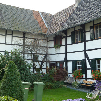 Aan de overzijde van de weg een bakhuisje van vakwerk, XVIII.
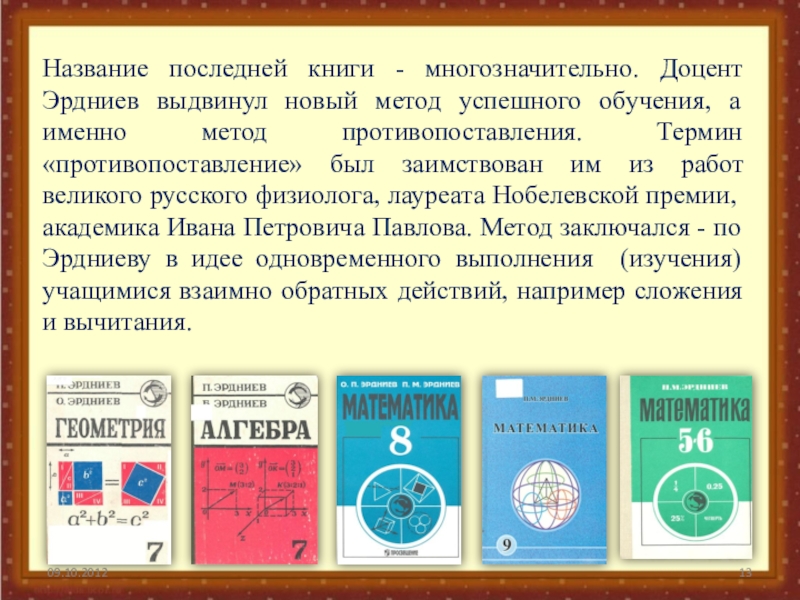Слайд 13Название последней книги - многозначительно. Доцент Эрдниев выдвинул новый метод успешного
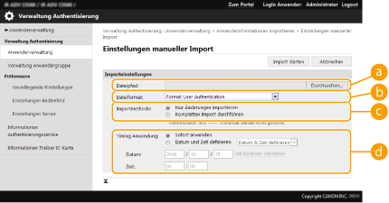 Importiert Benutzerdaten, die mithilfe der Erweiterter Platz Benutzerzugangskontrolle von einem Canon-System exportiert wurden. Die Dateierweiterung lautet ".csv".
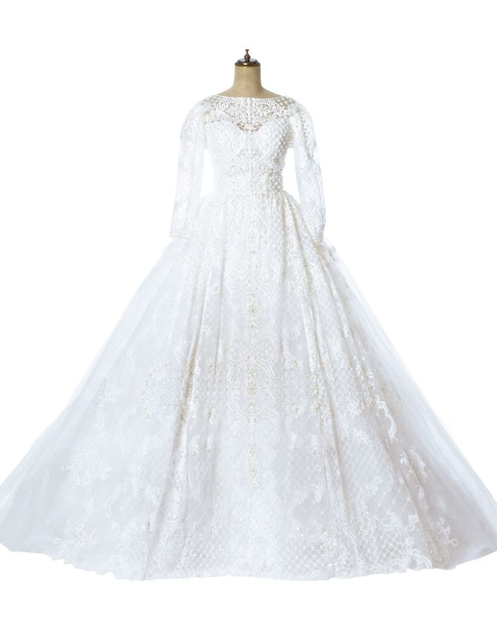 スワロフスキー・クリスタルやパールをたっぷりとあしらった、贅を尽くしたボリュームドレス。「まるで宝石をまとったかのような煌めきと優美なレースで支持される一着です」(谷口さん、以下同)

- Work order: Only the lines above from the one containing "Слайд 13Название последней" through the one containing "Importiert Benutzerdaten, die" should be returned, verbatim and inclusive, with pictures excluded.

- Answer space:
Слайд 13Название последней книги - многозначительно. Доцент Эрдниев выдвинул новый метод успешного
 Importiert Benutzerdaten, die mithilfe der Erweiterter Platz Benutzerzugangskontrolle von einem Canon-System exportiert wurden. Die Dateierweiterung lautet ".csv".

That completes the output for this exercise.